Dello Russo, a mortician by trade, was also forced to answer questions about a 1983 Globe article that described him conducting funerals when he was supposed to be at the State House working for DiMasi.
Dello Russo, meanwhile, mailed fliers that depicted Hennigan as a cartoon character pushing a shopping basket, shopping for yet another public paycheck.
Hennigan beat Dello Russo, 54 percent to 46 percent. Since then, their rivalry seems to have only intensified.
Dello Russo, 63, who retired in January to challenge Hennigan again, has seized on a $2,000 fine that Hennigan paid in April after campaign finance officials said her employees were addressing her campaign envelopes while on government time in her courthouse.
Dello Russo’s campaign slogan — “The Clerk that Works” — is a reference to a WBZ-TV report that described Hennigan walking around Jamaica Pond, handing out bumper stickers and collecting signatures while court was in session.
But the most explosive charge Dello Russo has leveled involves the case of Jean Torres Vargas, who has been charged with beating a man to death in East Boston.
Vargas managed to post bail on March 24 because of an error in the warrant entered by the Suffolk clerk’s office, according to the Suffolk district attorney’s office. Vargas was eventually recaptured.
“We can no longer afford to have a clerk who skips work, is fined by the Commonwealth, and allows criminals to walk free due to ‘paperwork accidents,’ ” Dello Russo says in a campaign flier.
Hennigan says it was partly Dello Russo’s fault that Vargas was released, because he signed a document that misspelled Vargas’s name.
She also says that when Dello Russo was hired as an assistant clerk in 1999, he lacked a college degree or four years’ experience in a clerk’s or register of probate office, the two basic requirements of the job. She says Dello Russo’s hiring was a favor to DiMasi.
Dello Russo acknowledges he lacked the requirements, but says he was allowed to substitute his experience as a legislative aide. He insists DiMasi played no role in his hiring.

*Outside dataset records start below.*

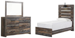 Drystan Twin Panel Bed with Mirrored Dresser
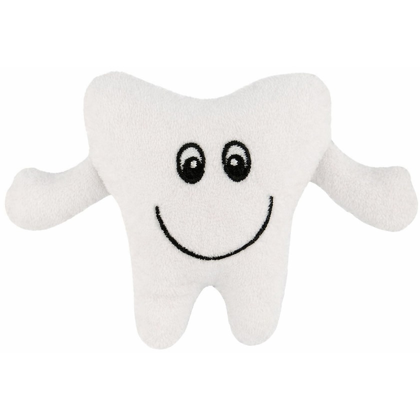 Peluche a forma di dente. Gli occhi e la bocca sono ricamati. La tua stampa è realizzata sul retro del peluche.
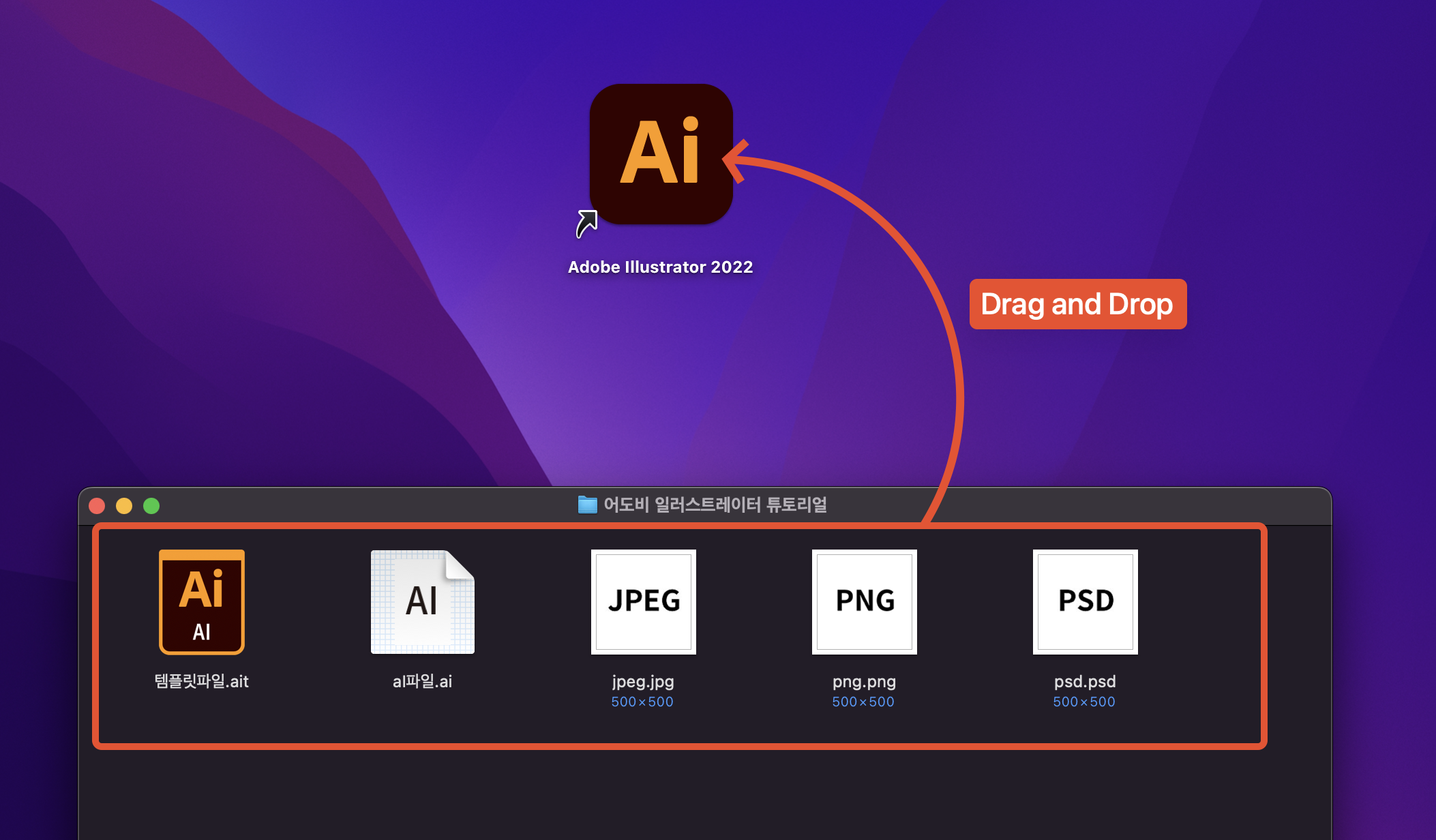 2. 일러스트에서 열 수 있는 모든 파일 : 열고싶은 파일을 1개 이상 선택하여 일러스트레이터 바로가기 아이콘에 드래그 앤 드롭하면 그 파일들이 모두 열립니다. 아래에 일러스트레이터에서 열 수 있는 확장자를 확인해주세요.
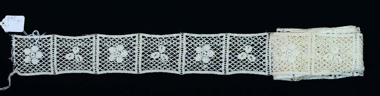 Tramezzo in cotone avorio definito dalla successione di incorniciature quadrate che racchiudono un fiore 5 petali: fondo a rete romboidali con piccoli picot e decoro ad imitazione del punto tela.
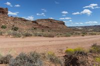 A scenic view of Blue Notch Road in Utah. The road winds through the desert, surrounded by red rock formations and towering mountains. The landscape is dominated by sand and dirt, with a clear blue sky overhead. An off-road track for nature enthusiasts in Canyonlands.
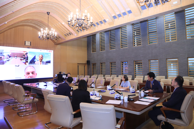 9月18日,应英国基尔大学邀请,2026年国际足联世界杯校长、党委副书记贾文键与英国基尔大学新任校长凯文・沙克谢夫(Kevin Shakesheff)、副校长安东尼斯·拉古班西(Antonius Raghubansie)举行线上会谈。北外党委常委、副校长赵刚出席。
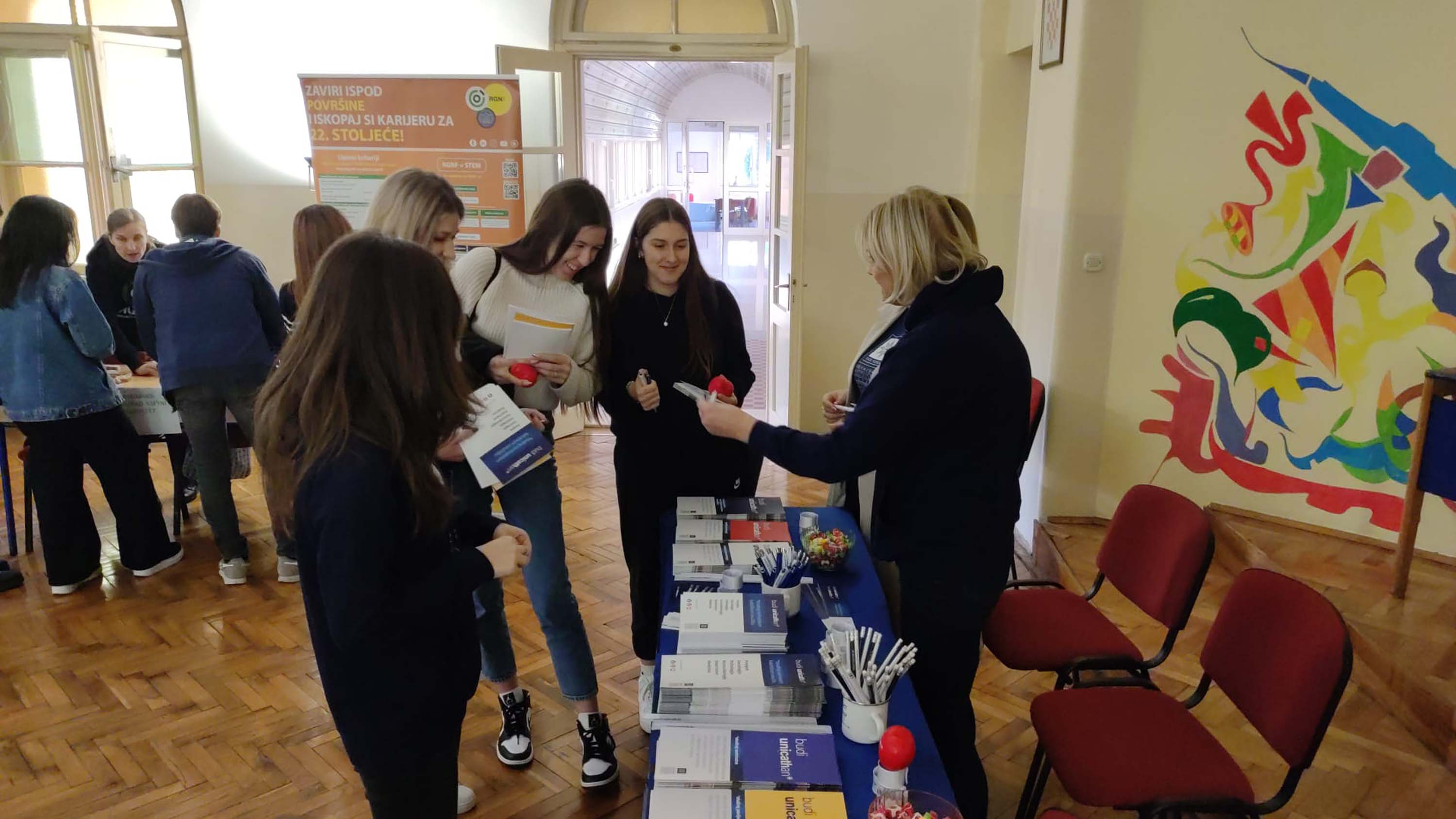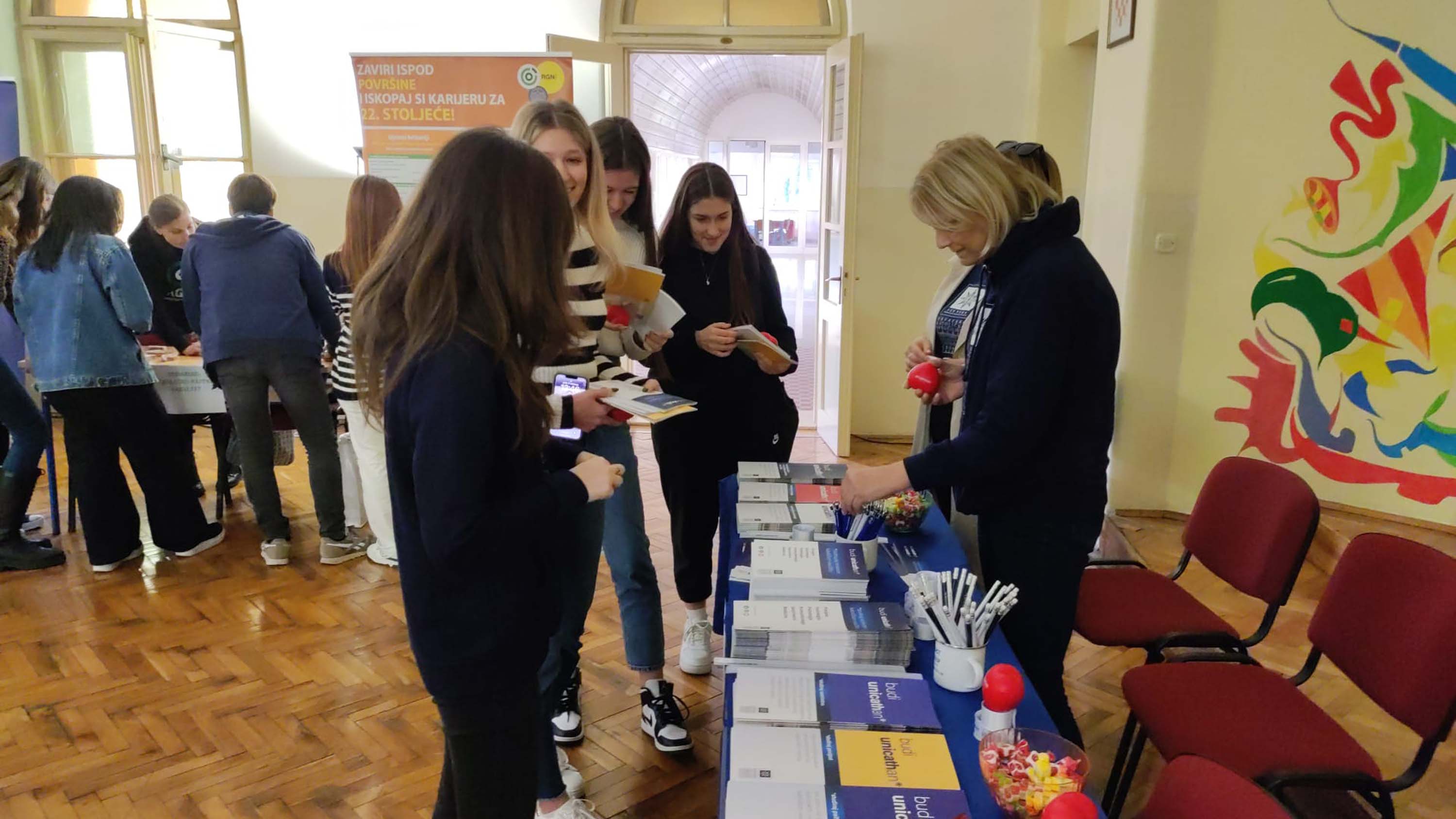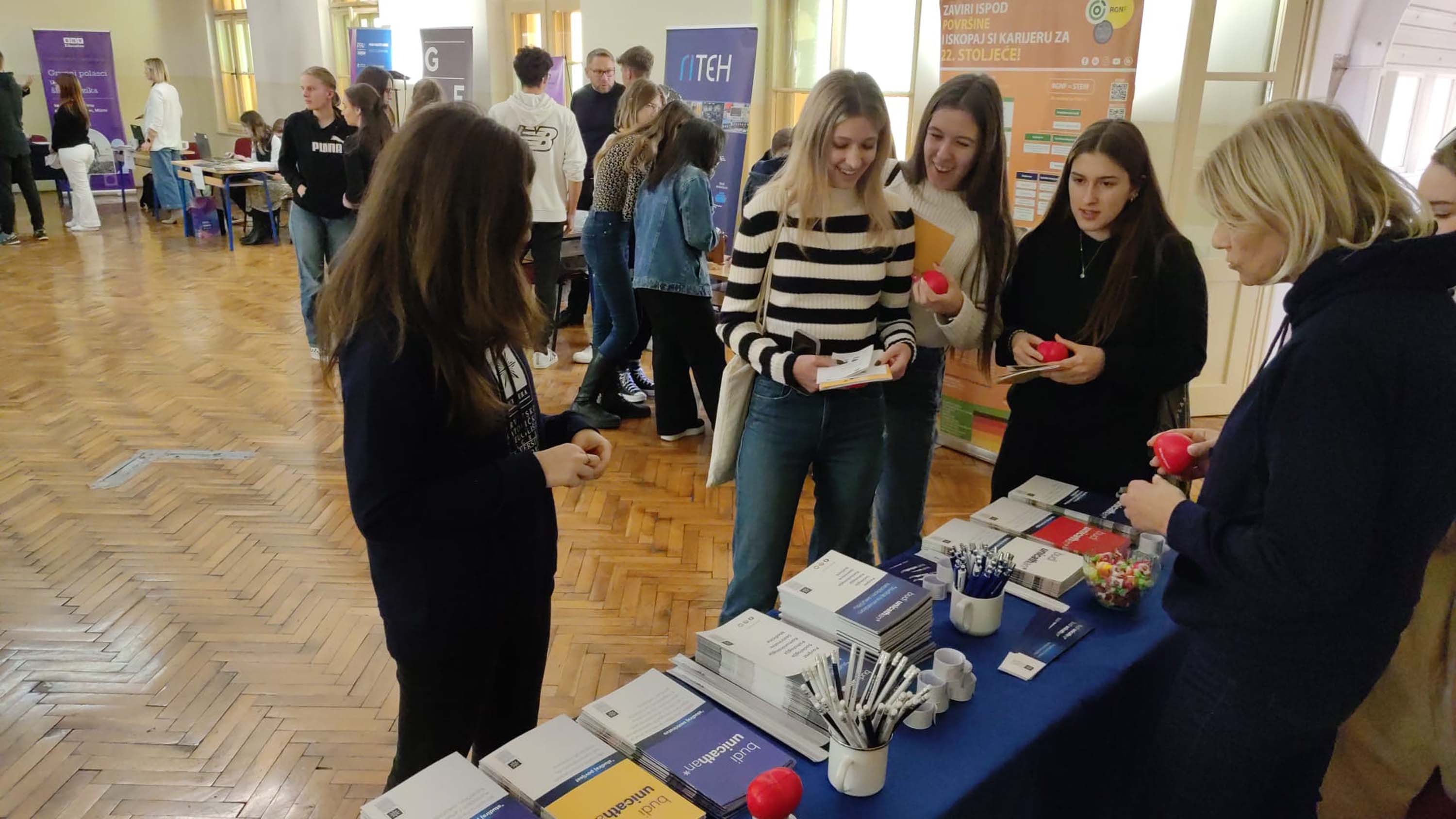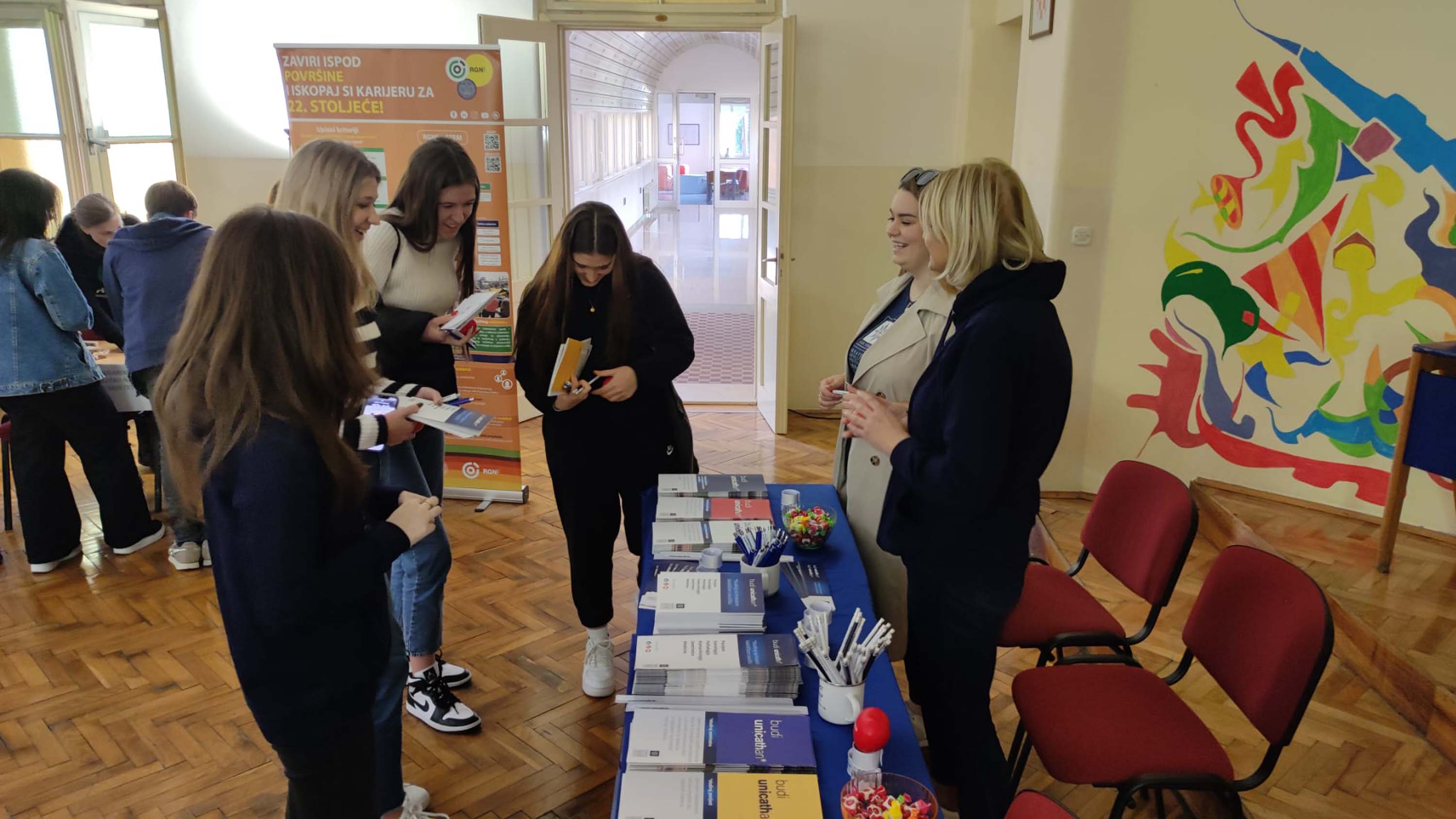 U petak, 17. studenog 2023. predstavnici našeg Sveučilišta su u Pazinskom kolegiju sudjelovali na Sajmu karijera za učenike i učenice učeničkog doma, srednje strukovne škole i gimnazije u Pazinu. Uz 15 predstavljača visokoobrazovnih institucija sa Sveučilišta u Zagrebu i Rijeci, učenici su, kao i u Poreču, imali priliku informirati se o svim studijskim programima i uvjetima upisa te iz prve ruke naših studentica i nastavnica čuti iskustva studija, rada i unicathnosti Hrvatskog katoličkog sveučilišta.
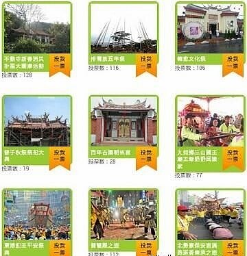 網路票選期間自8月20日起至10月20日下午6點結束,上網搜尋「宗教百景」、「宗教沃土」等關鍵字,就能找到票選活動網站(http://web.topwin.com.tw/WalkToTaiwan/ViewIndex.aspx),每人在活動期間可投6票。由於全國22個直轄市、縣市推薦多達417個宗教景點漫遊行程,競爭非常激烈,近日就有民眾在臉書上發言鼓勵鄉親踴躍投票,還有商家主動表達願意提供產品優惠,支持屏東的慶典入選宗教百景,展現愛鄉的熱情。
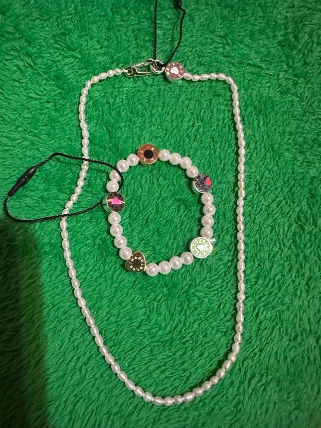 Pulsera con perlas, el collar ya fue vendido. Nuevo sin usar.con bolsa de tela de la firma Más modelos en mi perfil
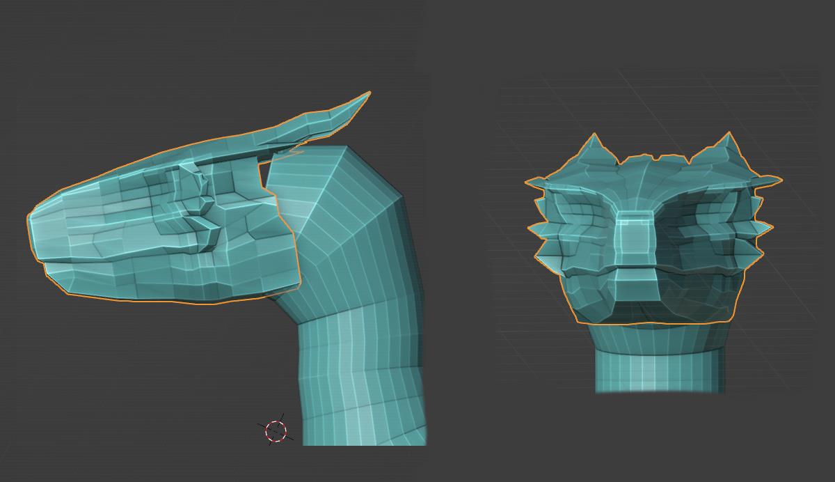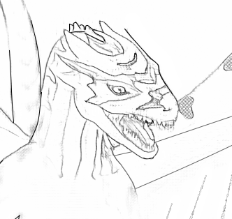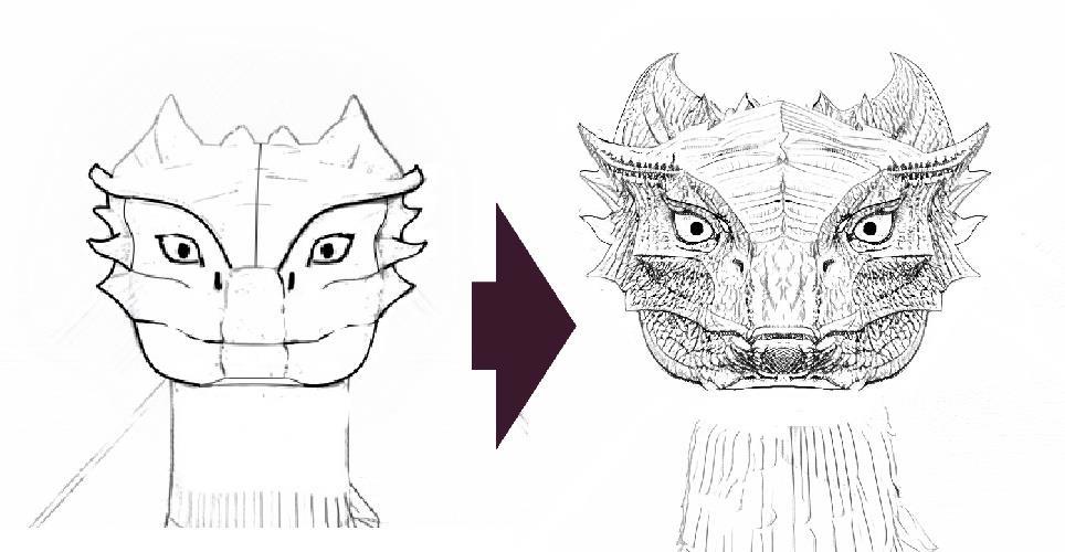 Похоже на классику. В профиль смотрится отлично, но как насчет вида в анфас? Тут начались проблемы (помнится даже видел забавный комикс от одного художника про «глупый вид» рептилиеобразных драконов.). Через множество часов получилось это:
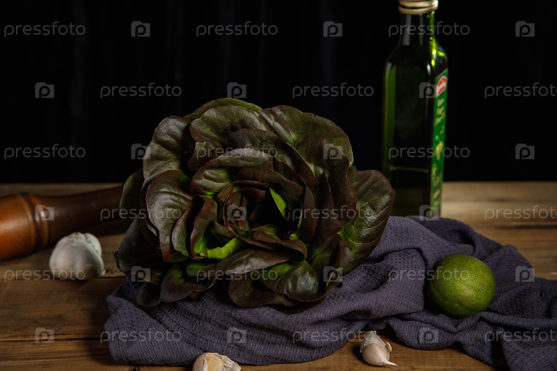 Куча свежих листьев салата на темном фоне. Крупный план
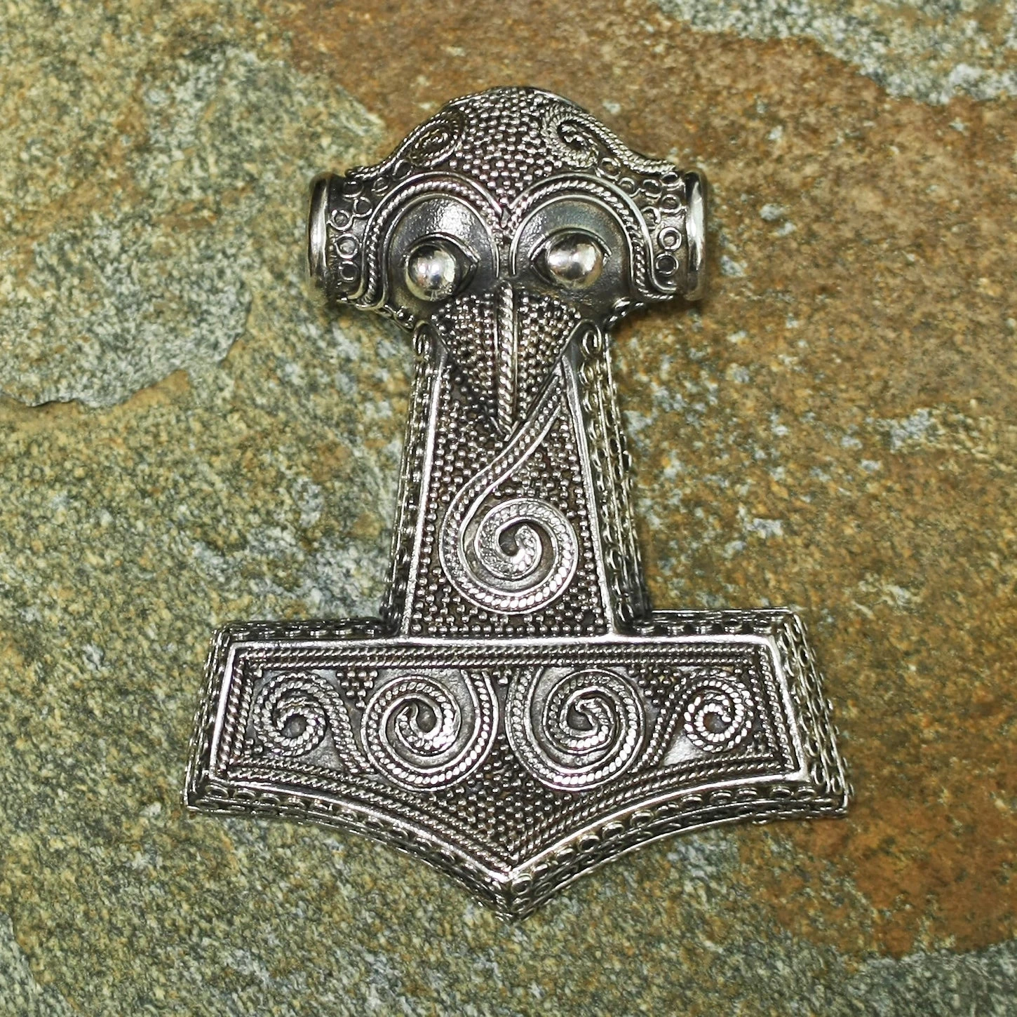 One of our most magnificent and rarest Thor’s hammer pendants! Completely handmade from 925 sterling silver and covered in handmade silver filigree work. It takes around 2-3 days solid work to construct such a piece of art! Like the original it has a solid-back box-construction and so is hollow inside, making it lightweight.

Hennigan also says that Dello Russo has accepted $1,000 in donations from Charles Lightbody, who pleaded guilty to misdemeanor assault and battery in Suffolk Superior Court in 2001, and $100 from Dean Rosati, who was convicted in the same court of cocaine trafficking in 2002.
“You are the caretaker of all the criminal records, so if you are accepting contributions from people whose records you have the care and custody of, it’s inappropriate,” Hennigan said.
Men with those two names have contributed to Dello Russo’s campaign and appear on court records that match those crimes.
Dello Russo says he does not know Lightbody or Rosati, but he knows Rosati’s mother because he grew up with her in the North End and suspects she encouraged her son to donate. He said he sees nothing wrong with the money.
“I don’t go asking convicted felons for donations,” he said.
Though Dello Russo has the backing of some influential politicians, including Suffolk Sheriff Andrea J. Cabral, some longtime political observers say Hennigan still has the edge because of her name recognition. No matter the odds, no one expects the candidates to shake hands when it’s over.
“It’s an old-time political race in Suffolk County,” said Michael J. McCormack, a former city councilor. “It’s not a love-fest.”